Member of the Nagaland Legislative Assembly
- Incumbent
- Assumed office 2 March 2023
- Preceded by: Azheto Zhimomi
- Constituency: Dimapur III

Personal details
- Born: Hekani Jakhalu 1976 (age 50–49) Toluvi, Dimapur, Nagaland
- Party: NPF
- Spouse: Kevilezo Kense
- Children: 2
- Education: Bishop Cotton Girls' School
- Alma mater: Lady Shri Ram College (BA); University of Delhi (LLB); University of San Francisco (LLM);
- Occupation: Politician • Social entrepreneur
- Awards: Nari Shakti Puruskar

= Hekani Jakhalu Kense =

Indian politician and social entrepreneur

Hekani Jakhalu Kense (born after 1976) is an Indian politician and social entrepreneur from Nagaland. She set up the non-governmental organization YouthNet to help the youth of Nagaland pursue business opportunities. In 2018, she was recognised with the Nari Shakti Puraskar award.

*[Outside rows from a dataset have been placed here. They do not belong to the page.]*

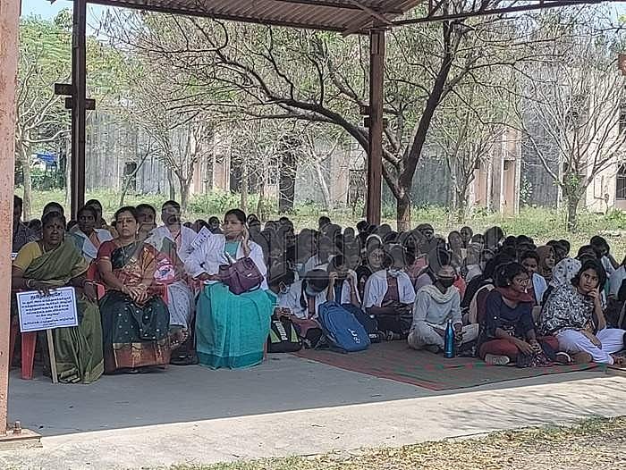 ஊதியம் வழங்கப்படாததை கண்டித்து சிதம்பரம் மருத்துவக்கல்லூரி, மருத்துவமனை ஊழியர்கள் ஆர்ப்பாட்டம்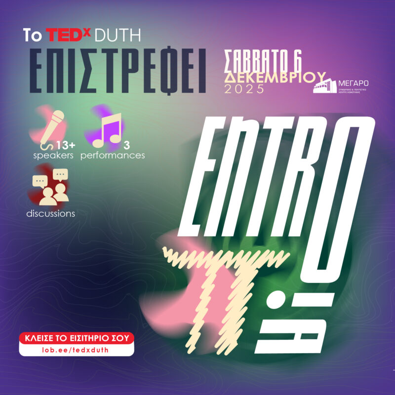 Διοργάνωση  του TEDxDUTH στο Μέγαρο Μουσικής Κομοτηνής στις 6 Δεκεμβρίου με θέμα την “entroπia”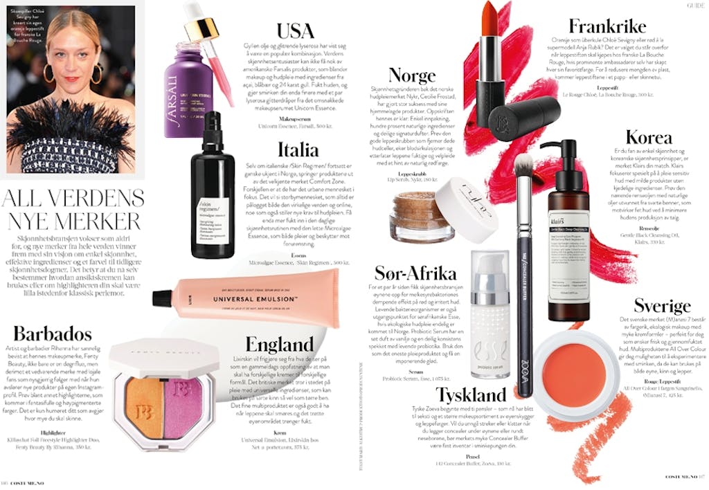 Skjønnhetsbransjen vokser som aldri før, og nye merker fra hele verden vinner frem med sin visjon om enkel skjønnhet, effektive ingredienser og et farvel til tidligere skjønnhetsdogmer. Det betyr at du nå selv bestemmer hvordan ansiktskremen kan brukes eller om highlighteren din skal være lilla istedenfor klassisk perlemor.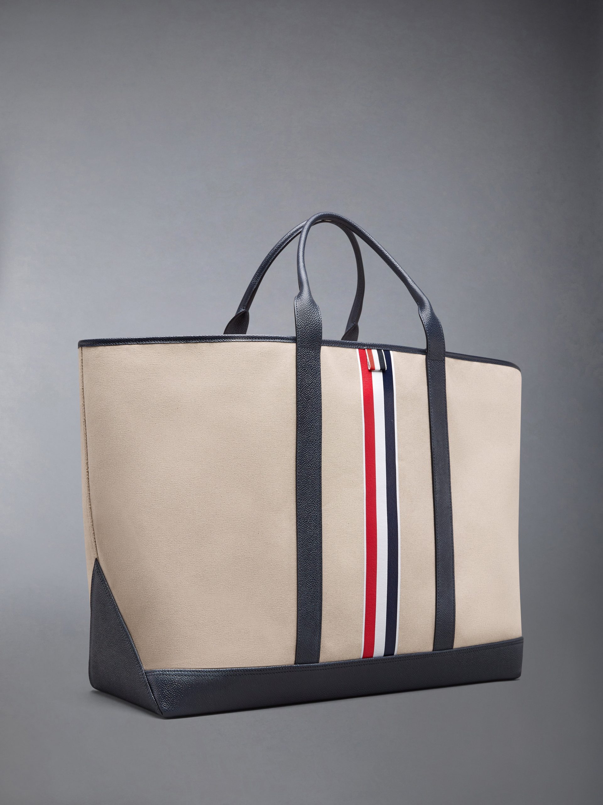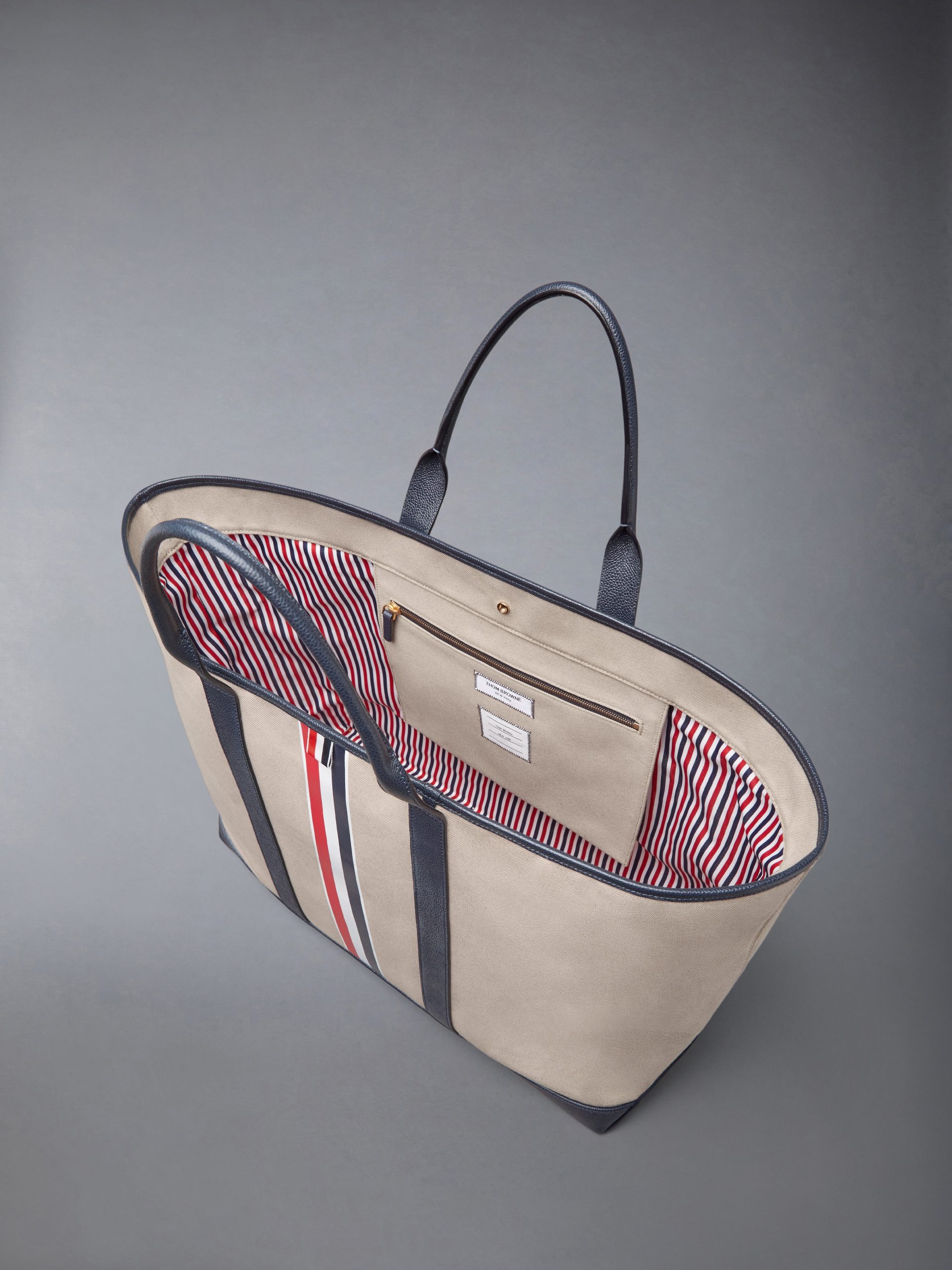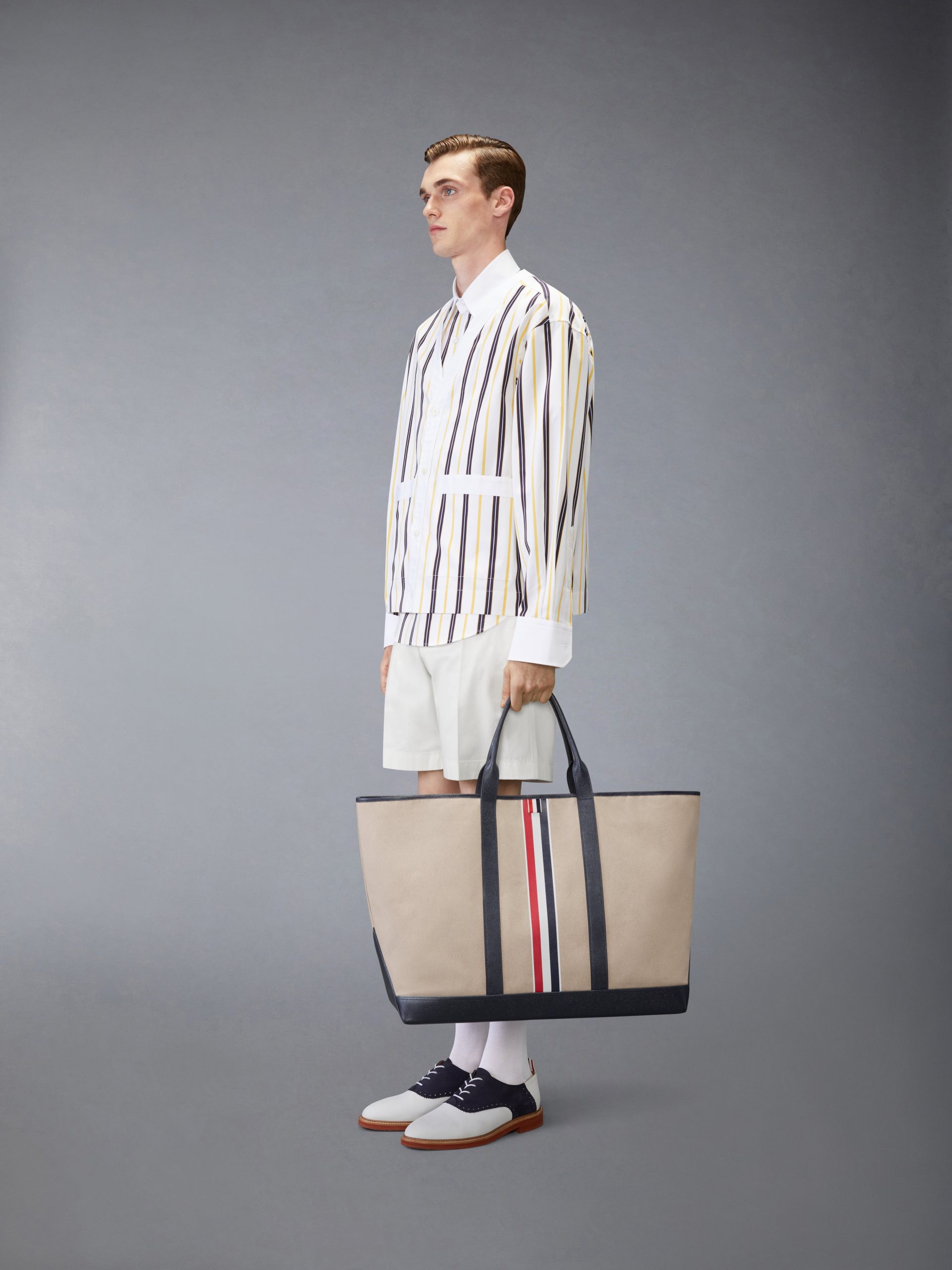 Rooted in traditional tool bags. this oversized tote translates practicality through a Thom Browne lens. Crafted in salt-and-pepper cotton canvas with a leather base and bold RWB stripes. it balances rugged materiality with graphic precision. Pair it with the Nubuck Rubber Sole Saddle Shoe to channel the season’s play on sport and structure.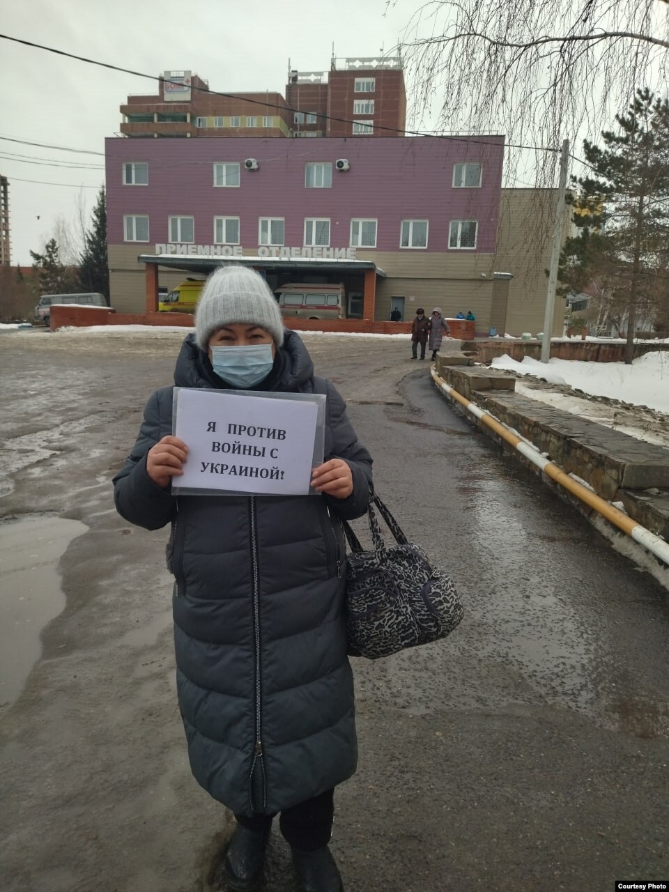 Она вышла с плакатом "Я против войны с Украиной".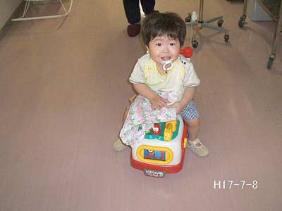 再び靴を履かせ、歩きに出ました。廊下を行ったり来たり何往復もしました。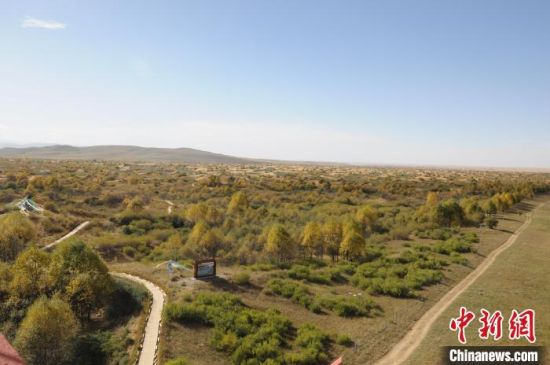資料圖為航拍海南州貴南縣黃沙頭防沙治沙“綠進沙退”。海南州委宣傳部供圖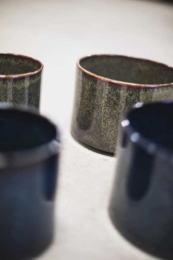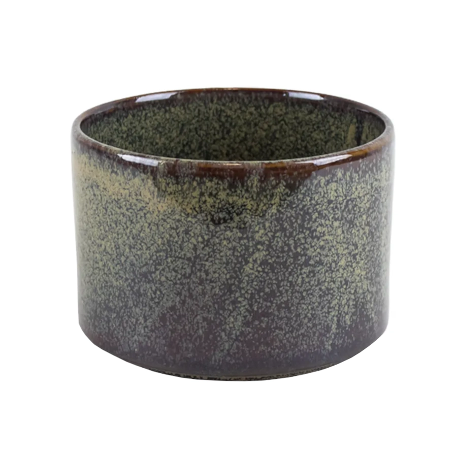 Skål av stengods med cylinderform som passar bra vid olika bordsserveringar men även intressanta vid olika bufféer. Skålarna ingår även i en serie som har en keramisk glasering och där utseendet kan variera vilket gör varje del i serien unik och i serien finns flera delar.

In 2023, Jakhalu and Salhoutuonuo Kruse became the first woman from Nagaland to be elected to the Nagaland Legislative Assembly. Jakhalu is a member of the Naga People's Front(NPF).

== Early life ==
Hekani Jakhalu was born in Dimapur, Nagaland. She was educated at Bishop Cotton Girls' School in Bengaluru and earned a bachelor's degree in political science at Lady Shri Ram College in Delhi. She then studied for a Bachelor of Laws at the University of Delhi and took a Master of Laws at the University of San Francisco.

== Career ==
After working in the United States, Jakhalu returned to Delhi and began a career as a lawyer. She was made a partner in the firm but having seen firsthand the number of young people from Nagaland migrating to Delhi, she decided in 2006 to move to Kohima (the capital of Nagaland) in order to set up a non-governmental organization (NGO) called YouthNet which aims to create more opportunities for the youth of Nagaland. As of 2018, YouthNet had 30 employees and claims to have helped 23,500 people. It aims to help entrepreneurs pursue their ideas and set up a "Made in Nagaland" centre in Kohima which sells their artisan goods. After running for two years, the "Made in Nagaland" centre opened an e-commerce platform in 2020. In June 2025, YouthNet facilitated the disbursement of the Startup India Seed Fund Scheme to nine Nagaland-based startups, including Kohima-based cybersecurity firm NexusCipherGuard India.

In recognition of her work, Jakhalu received in 2018 the Nari Shakti Puraskar award, India's highest civilian award given only to women. She was the only person from the northeast of India to be honoured that year.